According to Winckelmann, one way the artists at A Toda Madre work to blend more modern and traditional Chicano-style tattoos is by specializing in modern interpretations of a style called “black and gray realism,” which made its way from prisons to East Los Angeles’ Chicano communities, where it became popular.

“It started getting out into the streets and people started knowing about that and seeing how beautiful that is,” she said. “People just started taking that and running with it and evolving it.

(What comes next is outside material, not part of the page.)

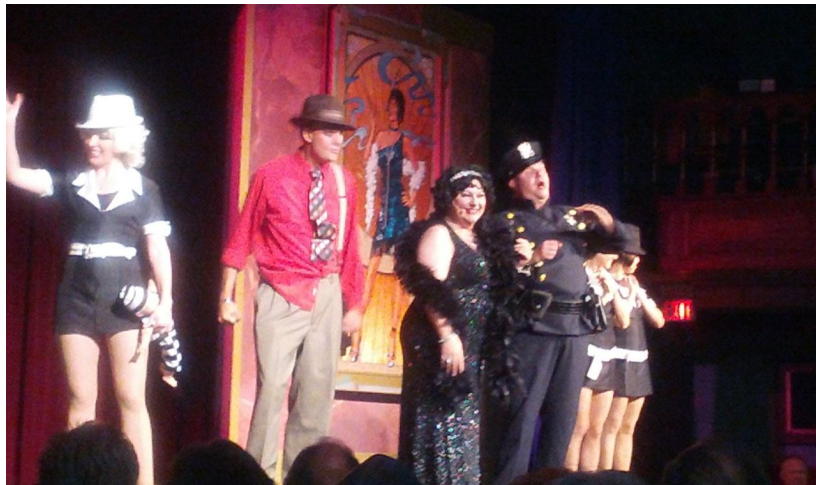
The Saturday dinner-theatre at Al Capone's club had its share of melodrama.

Now we have some beautifully complex black and gray pieces out there. They’re hyperrealistic, and it all came from that. We really try and, you know, give our own flair to it and offer that to our community at this shop. … I think that we do primarily specify in black and gray, and we are accommodating to that audience specifically, but we do have somebody for everything. We try to be a well-rounded shop.”

A Toda Madre will have a vendor’s booth during Fiesta on Wells. According to Winckelmann, the shop’s artists are excited to participate with raffles that will hopefully draw in new people. But, like Cavallone, DelaRosa and Zamora, she’s quick to clarify that Fiesta on Wells is only one chance to engage with a community that exists year round.

“For instance, in the holiday time, we do a lot of toy drives and things like that,” she said. “Definitely, I think that there’s more than one way of being involved in the community. … We have all of these little events here and there. So we give back to the community, and I think that’s really helped for us to be successful in the five years we’ve been here as well.”